# SODA BOTTLE CAPS  ... (A Sampling of the rare and unusual)



## SODAPOPBOB (Oct 29, 2010)

NOTE :  In the event you tap into this thread while I am still posting, please note that it is likely to contain up to as many as 50 mini-pages. If you leave a comment before I'm done you will likely receive an e-mail notification for every page. And I would hate to bombard your inbox like that. So please hold off for a bit, and when I'm done I will note it accordingly. Thanks.

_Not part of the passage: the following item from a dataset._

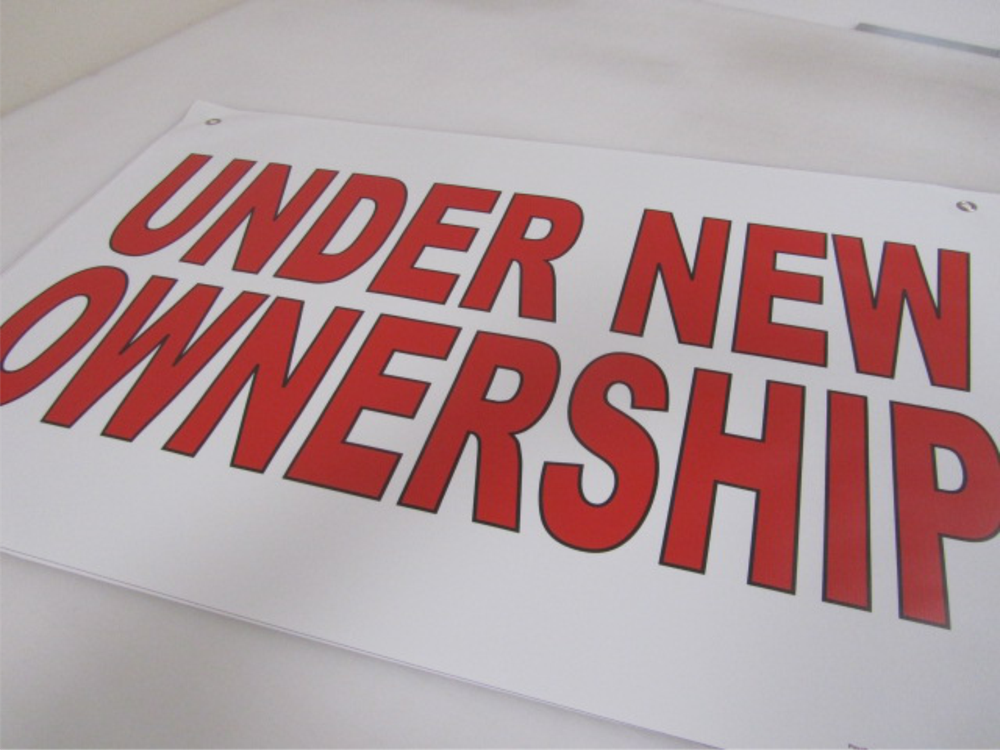 2x3 Red & White Banner Sign Now Under New Ownership with Discounted Size & Price

                                                                        ~ * ~

 I hope I'm not biting off more than I can chew this time. But after having just spent the past few days scrolling through some 17,000+ images of bottle caps (at least 10 full hours worth) I would feel guilty not sharing at least a few of them here with my collecting friends. Many of the caps are very rare, and valuable. The ones to follow are my favorites. I tried do do some groupings, but with the attached comments and my lack of photo-editing skills made it impossible. Thus the numerous indicidual pages.

 They will be listed alphabetically, (unless I mess up) and contain as much information as was available at the time. Many of them will have values based on recent e-bay sales. But the main thing is simply to enjoy them as the true art forms that make them so special.

 Reminder ... Photos that say "no info" simply means there was a photo only with no accompanying text. 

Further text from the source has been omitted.